Tom vislumbró en el interior del establecimiento varias cajas de cartón apiladas en montones de a cuatro. Y adosadas a la pared, en la penumbra, varias estanterías de madera, distintas entre sí, algunas bastante elegantes y con puertas de cristal. ¿Pensarían montar allí una librería?
«¿Pero qué demonios es esto?», se dijo Tom para sus adentros. Era difícil comprobarlo, pero era probable que en Hometown no hubiera ni media docena de personas que hubiera abierto en su vida la tapa de un libro. Tom, por ejemplo, solo había leído un libro en toda su vida, uno que se dejó Trudy en casa. Una historia ubicada en la época de las Cruzadas sobre una mujer rubia que hacía apasionadamente el amor tanto con cristianos como con sarracenos. Y lo había leído pensando que tal vez le ayudara a discernir la forma de pensar de Trudy, pero no. Aunque la historia le había gustado, la verdad. No descartaba volver a leer otro libro algún día.

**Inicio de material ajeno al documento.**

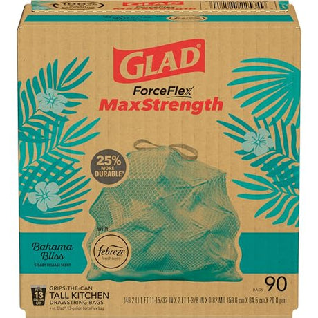 Glad ForceFlex MaxStrength Kitchen Trash Bags, 13 Gal, Bahama Bliss Febreze, 90 Ct (Pack May Vary)
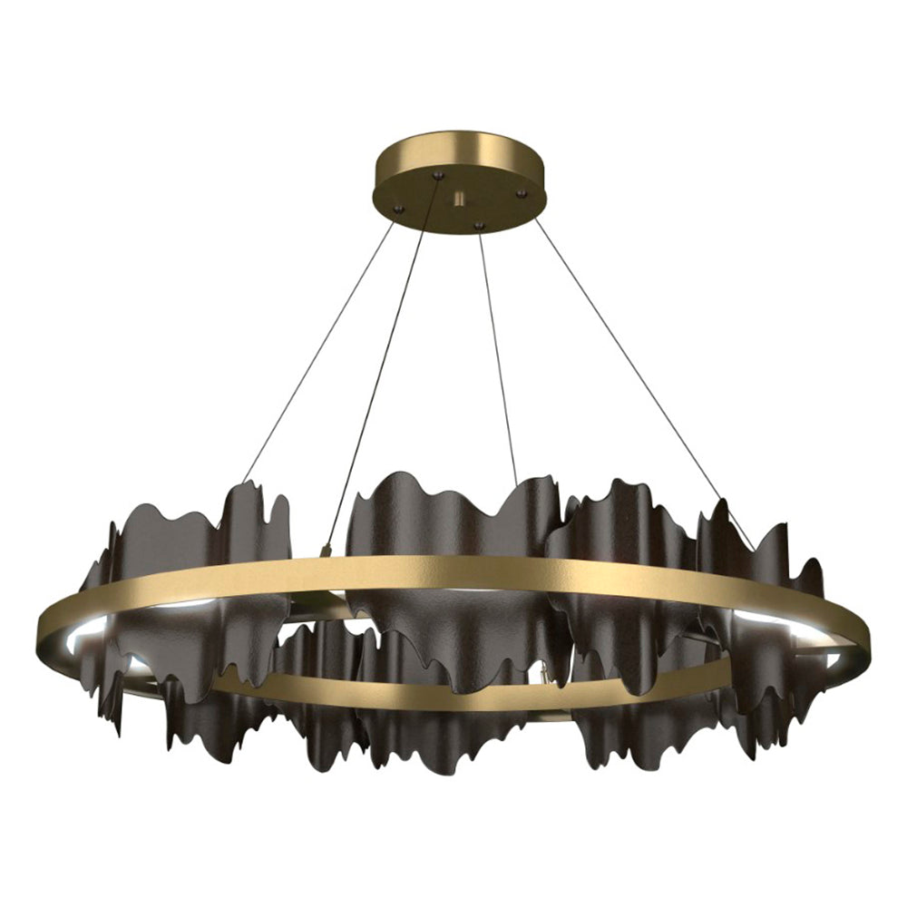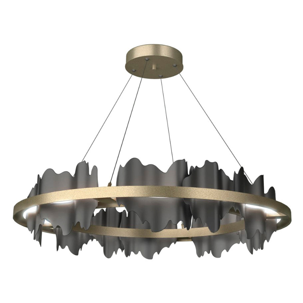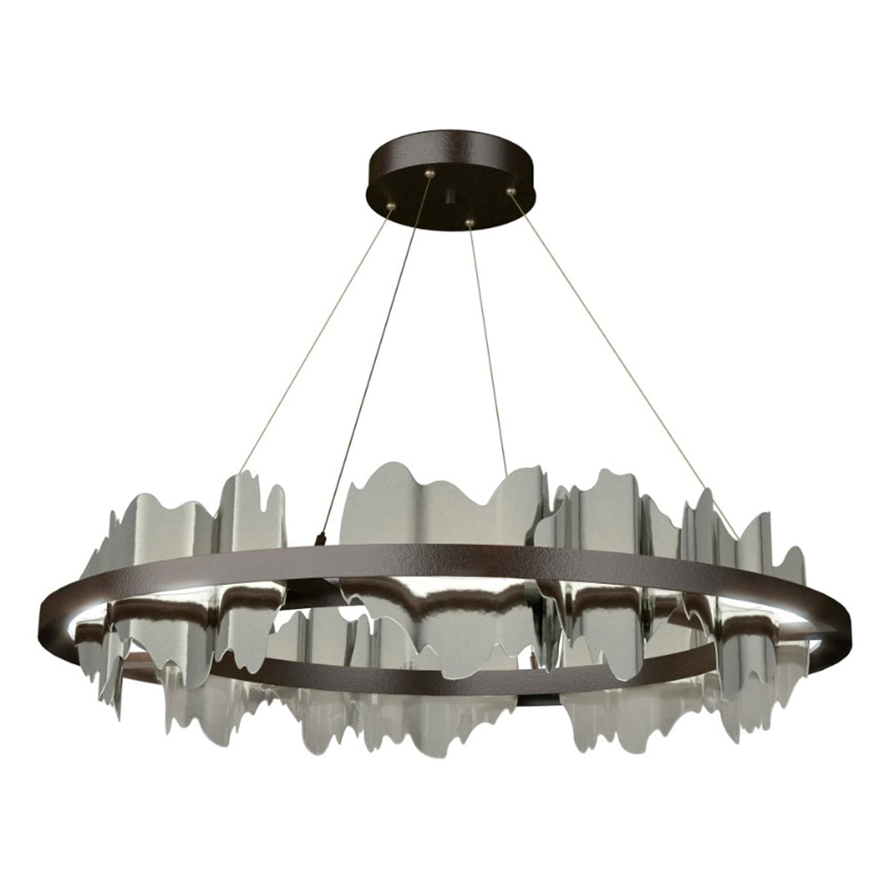 Height adjustable circular LED pendant. Choose a finish for the canopy and fixture frame and an accent for the decorative bent metal plates.

En el porche de delante de la tienda no había ningún cartel, tampoco nada en el escaparate. O no, sí que había algo: una hoja de papel arrancada de un cuaderno de espiral y pegada con celo por el interior del cristal. Tom forzó la vista, pero no consiguió leer qué ponía y encendió el mechero para verlo mejor. Estaba en otro idioma, aquello no era inglés y era la caligrafía más rara que había visto en su vida. La examinó con la nariz pegada al cristal y la llama del mechero amenazando con chamuscarle las cejas. ¿Egipcio, tal vez? Pero no eran dibujos pequeñitos, sino formas raras.
—Ni idea —dijo Tom, y guardó el mechero.
¿De vuelta a casa? Supuso que sí. Pero tenía que pasar algo. Lo que fuera. No podía seguir viviendo así el resto de su vida. Subió al coche y soltó un suspiro que más pareció un mugido.
Los chicos seguían gritándose, buscando lo que jamás encontrarían: una chica que besar, una marmita de oro, una visión que los transportase más allá de los muros del pueblo, hacia la cumbre de una montaña nevada donde beberían de cálices plateados en compañía de los dioses.
Tom volvió a casa rumiando su melancolía. Al día siguiente, y bien temprano, los perales y los nectarinos. Y Beau tumbado a los pies de la escalera, rascándose.
El idioma que Tom había examinado con detalle en el escaparate de la tienda, el idioma que tan perplejo lo había dejado, era hebreo. Traducida al inglés, la frase decía: «Dios de los desesperados, bendice esta tienda».